Wednesday, July 9, 2008

One of My Dreams

Here's a dream of mine: I would like to make a living rehabbing vintage Airstream travel trailers. I could buy one to start, besides the one I have now, rent space to do the restorations, hire some people to help me. Eventually, I could fix and sell a couple, and keep a couple to rent out for some income, for people who want to take a weekend or a week here and there, but don't have the money to buy them, or don't have room to store them.

I have always known that I have competence in working with mechanical things. I think it is in my genes, which is kind of a pun, because my Mom's name is Gene, Imogene really, but she always was called Gene. All my life, I watched her fix things around our house, and watched her uncles fix cars and farm equipment, using all kinds of neat tools and welding equipment. Now that I am learning welding, I remember a lot about those visits to those great-uncles. My Dad would not let her have power tools. I gave her a sabre saw once for Christmas, and he gave it away. Guess what? I have all kinds of dangerous tools! My mom also told me that great-great-how many greats ancestors, husband and wife immigrants from Ireland were behind a lot of my interest in working with my hands. He was a blacksmith, she carved gravestones. In this current age of slower living, I think it feels very good to recover something of quality, bring it back into a beautiful state, and use it for slower pleasures of getting out into nature. OK, enough of the romance of hard work and restoring trailers.

I wonder if there is a warehouse near Mapleton-Fall Creek, where I can rent the space I need? I wonder if there are any skilled laborers in the neighborhood who can help me with the things I don't know yet, like electrical systems, advanced mechanics of brakes, trailer frames, axles, and wheels?

I'll need people to help me restore the warehouse, first. Roofers, HVAC to make the place humane for summer and winter extremes. I'll need security workers because the tools and trailers will have to stay in the warehouse.

I'll need a lawyer to help me with the business legalities, and an accountant to help with the business plan. I'll need a loan to buy the warehouse and fix it up, hire and pay the people, buy some health insurance for everyone.

Eventually, I would like to work my way out of the job, sell it to someone in the neighborhood who can keep it going. It could also become something else, someone else's dream.

While I own this business, the standards would conform to and exceed those of the original Airstream dream. I will bring in experts and DIY enthusiasts as consultants for updating our practices. We could generalize some training to various skills like welding, electrical systems, HVAC, small space design, engineering for trailer frames, brake systems, and the monocoque shells unique to Indy cars, Airstreams, and Avion trailers. People who take our training don't have to work for me. They can work anywhere. That's the beauty of the idea. People can train, and I can connect them with employers.

So, when can I begin? I wonder if I can get a grant for this dream?
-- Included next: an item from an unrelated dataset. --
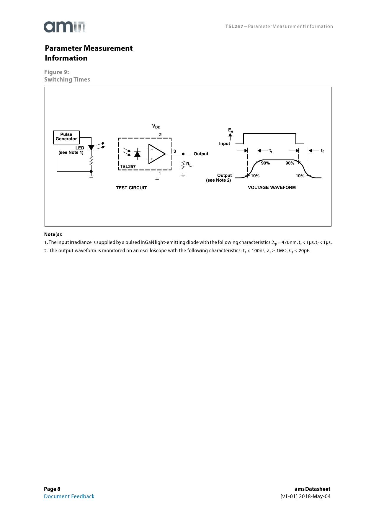 TSL257 − Parameter Measurement Information Parameter Measurement InformationFigure 9: Switching TimesVDDEePulse2GeneratorInputLEDï3tr(see Note 1)tfOutput+90%R90%TSL257L1Output10%10%(see Note 2)TEST CIRCUITVOLTAGE WAVEFORMNote(s): 1. The input irradiance is supplied by a pulsed InGaN light-emitting diode with the following characteristics: λp = 470nm, tr < 1μs, tf < 1μs. 2. The output waveform is monitored on an oscilloscope with the following characteristics: tr < 100ns, Zi ≥ 1MΩ, Ci ≤ 20pF. Page 8ams Datasheet Document Feedback [v1-01] 2018-May-04 Document Outline General Description Key Benefits & Features Functional Block Diagram Pin Assignment Absolute Maximum Ratings Electrical Characteristics Operating Conditions Parameter Measurement Information Typical Operating Characteristics Package Mechanical Data Plastic Single-In-Line Side-Looker Package Ordering & Contact Information RoHS Compliant & ams Green Statement Copyrights & Disclaimer Document Status Revision Information Content Guide

Make Poverty History Manifesto

I read the Make Poverty History manifesto this morning. I should be thinking about how to get the Airstream ready for the family camping trip coming up in a couple of weeks, but I'm puzzling over this statement.

I don't know what our pastors are proposing, if it is not more confrontation of the powers with regard to poverty, while also finding the "appropriate" path out of poverty for our particular community.
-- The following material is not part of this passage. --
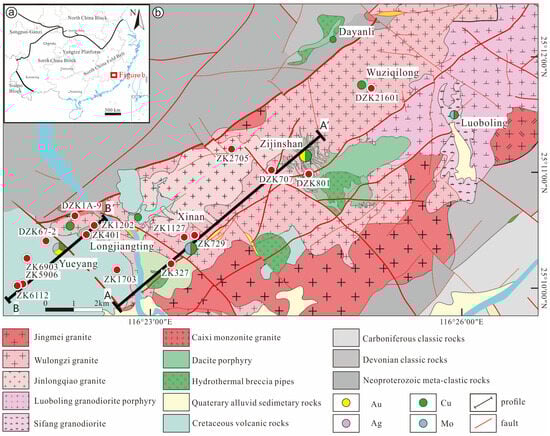 (a) Tectonic map showing the location of the study area. (b) Regional geological map and drill hole location map of the Zijinshan ore field (modified from [5,26]).

What are my gifts and dreams? What power and influence can I leverage in my social location as a relatively wealthy and intelligent agent of change? What do those formerly known as poor have to leverage in their social location?
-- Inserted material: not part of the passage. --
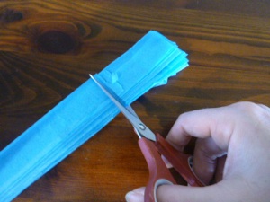 Fasten the folded tissue paper in the middle--you can use wire, such as twisties, or thread.

What do I make of Jesus' identification of the poor as blessed; of the poor as the least? What do I make of the Jesus of the Gospels, when he confronts the rich and warns them that their wealth is dangerous? Is Jesus using the poor as a prop for his political message of overturning powers? Isn't this where a lot of the guilt I have comes from, anyway? Woe to the rich, blessing to the poor? Don't we need the poor around to remind "us" of our spiritual poverty? This is cynical, I know, and I don't believe it, but something about this logic is troubling to me.

While we are changing our thinking about who the poor really are, what do we do about the rich? Where does this conversation about gifts and dreams go for the ones who are more economically comfortable? Complacency is a dangerous thing, isn't it?

Liberation theology teaches that God has a preferential option for the poor. It's easy to recognize this preference. Liberation theology teaches that the rich need to beware, that poor far outnumber the rich, and once they figure out how to organize and gain a voice, they will overpower the rich and set the accounts right and balance the economy -- by force if necessary. Liberation theology says a lot more than this, but for my thinking this morning, that's as far as I am going.

I suppose the balance of another kind is coming into focus for me today. The thinking change about what's upstream and what's downstream is percolating in my little brain today. This has to be about more than semantics and psychological reframing. Language games and mind games will get us/me nowhere.

By the way, upstream thinking comes from my time spent with the UCC. Their entire social justice process begins with thinking upstream. I found an article (p. 3-4 Scott Anderson, Exec. Dir., Wisconsin Council of Churches) that explains pretty well the approach.